Tahukah kamu, bahwa aku masih mengingatmu?
Senyummu, ialah hal yang tak akan pernah lenyap dan lesap di pikiranku.

Katamu dulu, setiap manusia memiliki memori yang terbatas
Apa yang terjadi di masa lalu akan terlupa pelan-pelan, dan kenangannya akan memudar perlahan
Dengan pasti, tanpa disadari

Kepada perempuan pertamaku
Mungkin kamu sudah lupa, pada senja di pinggir jalan tempo dulu
Ketika kita saling berdiri dalam diam
Menunggu datangnya bis umum yang akan mengantarmu pulang
Lalu sebuah kalimat terucapkan dari lidahku yang bergetar dan tubuhku yang keringatan

"Saya menyukaimu. Bukan oleh kecantikanmu, sebab kamu tidaklah cantik. Bukan oleh kebaikanmu, sebab ada yang lebih baik darimu. Hanya saja, saya menyukaimu, bukan kepada yang lain."

Mungkin kamu lupa, pada kata yang menjadi awal dari kita
Menjadi kait yang mengikat janji yang aku ucapkan
Untuk menjaga senyummu terus terkembang dan mengembang

Aku masih jelas mengingatmu
Sebab, kuletakkan ingatan itu di dadaku
Dalam sebuah ruang di salah satu bilik jantungku
Agar tiap kali aku menghirup udara, kau selalu terkenang

Maka itu, biarkan aku mengingatmu
Dalam sebuah ruang yang tak pernah ada tanda tanya atau celah untuk melupakanmu.

Jumat, 23 Agustus 2013

Puisi dan Doa Untuk Hujan di Sore Hari

"Masihkah kamu menulis puisi, dan berdoa setiap pagi, agar hujan turun sore hari?"
Aku masih ingat pertanyaan darimu tempo hari

Kemarin ilu terasa di gigi
Membelit lidah hingga tak mampu berkata
Pada akhirnya aku diam hingga kau pergi
Dan kulihat punggungmu dibayangi senja

Mungkin kau lupa, bahwa aku tak pernah lupa
Puisi ialah doa
Seperti yang dulu kau kata
Yang menggumamkan asa, dan menghapus dosa; yang kita buat dahulu kala.

Aku tak pernah berhenti menulis puisi
Pun juga doa agar hujan turun di sore hari

Di mana aku menulis puisi?
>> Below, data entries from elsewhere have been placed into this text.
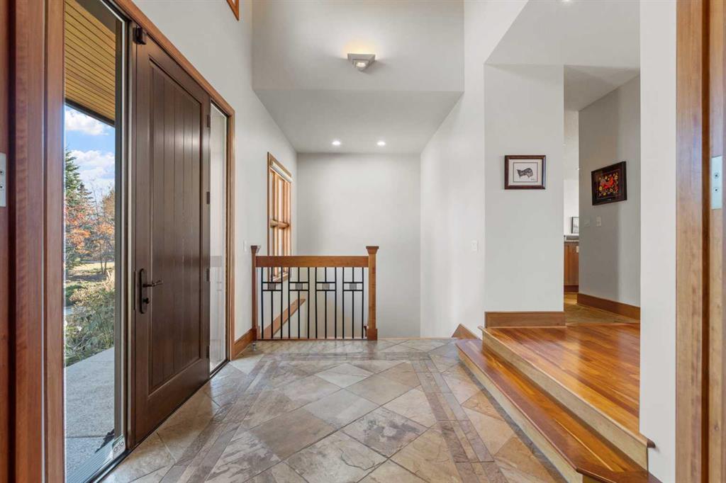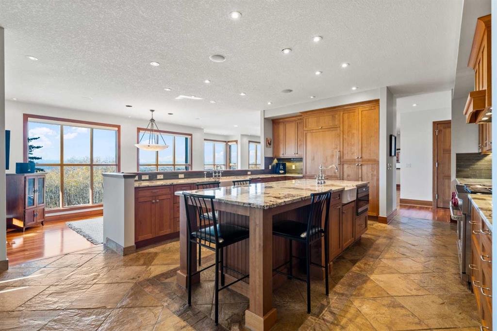 This exceptional, one-of-a-kind property offers the best of Springbank living — privacy, tranquillity, and breathtaking Rocky Mountain views. Set on a picturesque 2.17-acre lot in the heart of Pinnacle Ridge, this walkout bungalow sits high on the ridge, surrounded by beautifully landscaped grounds that provide seclusion from the street and neighbours. Tucked away from main roads, the property features its own private ravine, approximately one acre of mature trees and natural landscape, offering beauty and privacy while minimizing yard maintenance. A circular driveway flanked by mature trees sets the tone from the moment you arrive — this is truly something special. Inside, you’re greeted by stunning mountain vistas and an open layout. The beautifully renovated kitchen features a large island, granite countertops, and high-end appliances, including a Sub-Zero refrigerator, wine fridge, microwave, and 48” Wolf gas range. It opens to a bright dining space and sitting area with access to the large main deck (23′ x 22′). The spacious living room, complete with a fireplace, perfectly frames the magnificent mountain backdrop. The main-floor primary suite offers a luxurious six-piece ensuite and a generous walk-in closet. The main level also includes a home office, two powder rooms, a walk-in pantry, and a mudroom that connects to an oversized four-car garage. The 54′ x 26′ garage (1,279 sq. ft.) is insulated, drywalled, painted, and finished with epoxy flooring, with half the space offering a 12’3” ceiling that is ideal for large trucks or lifts. The walkout lower level features a large recreation room, a wet bar that seats up to ten, a dedicated theatre room, three additional bedrooms, and two full baths. Cherry hardwood and tile flooring flow throughout the home, with wool carpet in the lower-level bedrooms for added comfort. The exterior showcases stucco and stone, complemented by a newer asphalt shingle roof (2020, 50-year warranty). An enclosed under-deck storage room is ideal for garden tools or a ride-on mower. This immaculate property has been meticulously maintained by its current owners, with recent mechanical upgrades including two new furnaces with humidifiers (2019) and two new air-conditioning units (2024). A truly remarkable estate combining privacy, panoramic views, and refined living in one of Springbank’s most sought-after locations.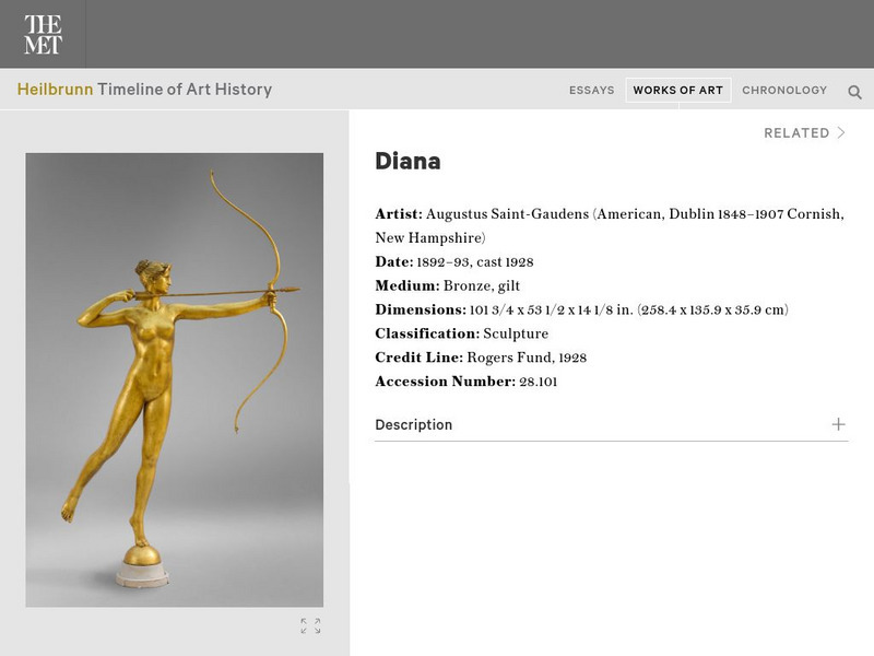 From the Metropolitan Museum of Art this Victorian era neo-classically inclined bronze sculpture "Diana" by the American artist Augustus Saint-Gaudens. The sculpture is presented as an enlargeable image with a description and lonks to...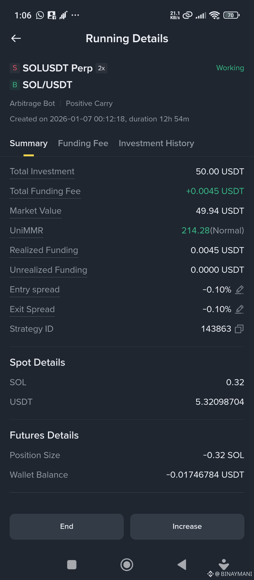 Rebalancing: If the price moves significantly, the bot ensures the "Delta Neutral" status remains (i.e., your long and short stay equal in value).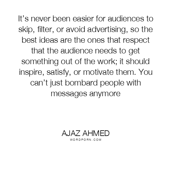 It’s never been easier for audiences to skip, filter, or avoid advertising, so the best ideas are the ones that respect that the audience needs to get something out of the work; it should inspire, satisfy, or motivate them. You can’t just bombard people with messages anymore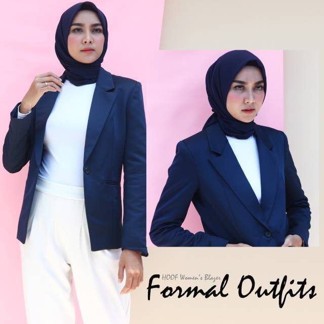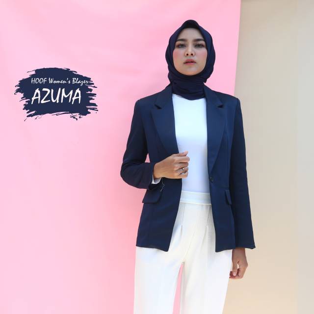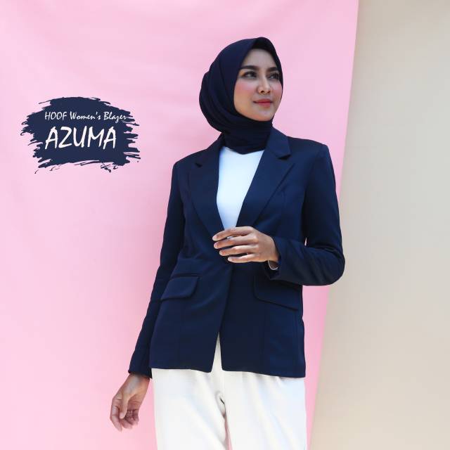 BLAZER WANITA AZZUMA NAVY - Jas Cewek Kantor Formal Kerja Resmi Biru Dongker Karir Berkualitas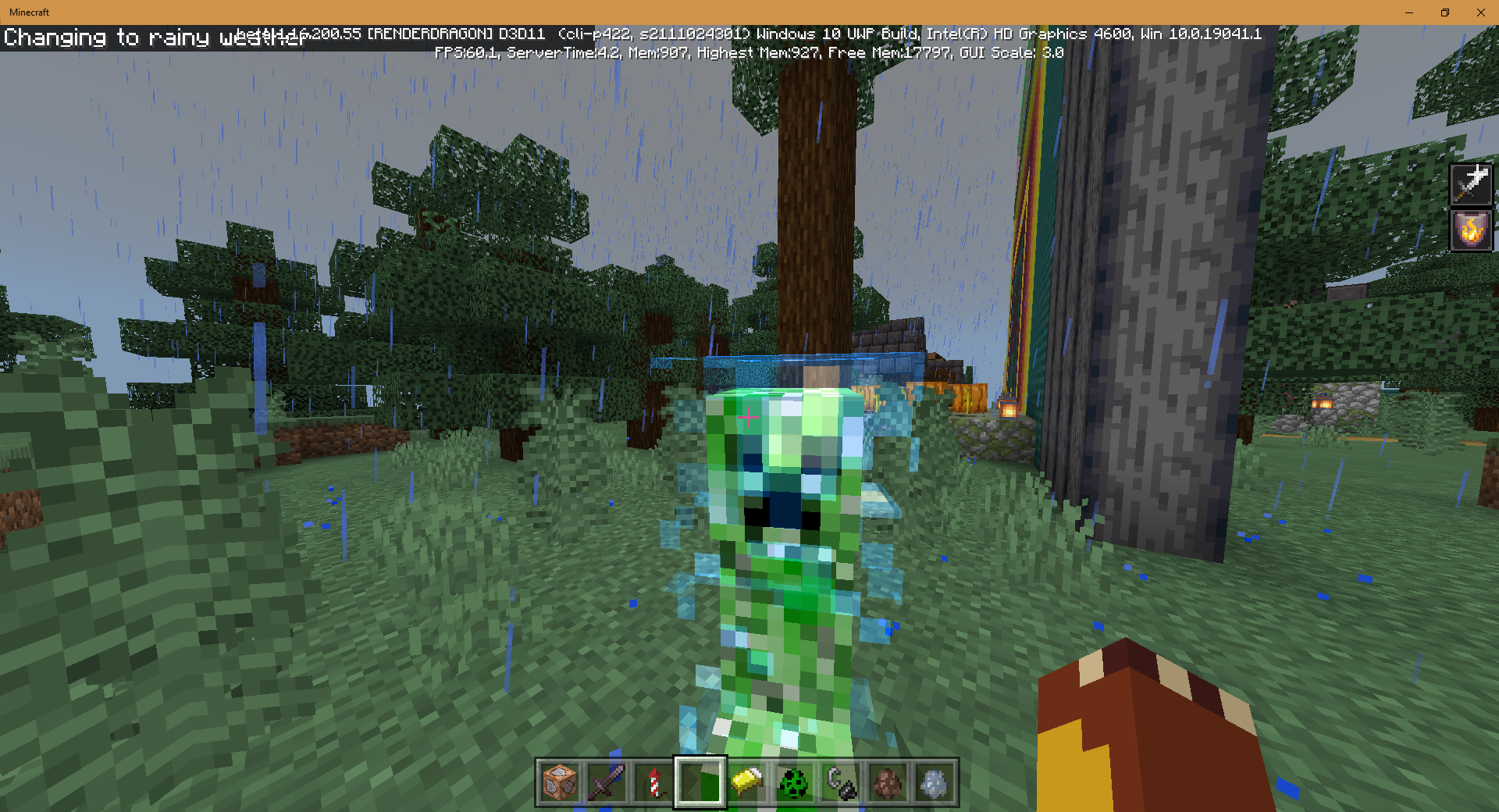 Transparent blocks and rain do not render behind the charged creeper's aura.

Kamu tahu?
Di sini! (jemariku)
Di sini! (dadaku)
Di sini! (jantungku)
Di sini! (pikiranku)
Aku menulis puisi di manapun aku dapat menemui sepi, kamu tahu?

Lalu, tahukah kamu alasan aku berdoa tiap pagi?
Aku, berharap hujan turun di sore hari
Agar pilu, yang selalu hadir di tiap pagi
Dapat melarungkan sendu, bersama hujan dan senja di sore nanti

Senin, 19 Agustus 2013

Menulis Takdir

Pada akhirnya, merasa sendiri adalah hal yang pasti akan dirasakan oleh siapapun, tanpa terkecuali. Sore ini, kala matahari sudah ingin mengundurkan diri dan akan berganti. Aku diam menikmati angin yang bertiup semilir. Tenang. Waktu seperti berhenti saat semburat jingga yang hangat dapat dinikmati pelan-pelan.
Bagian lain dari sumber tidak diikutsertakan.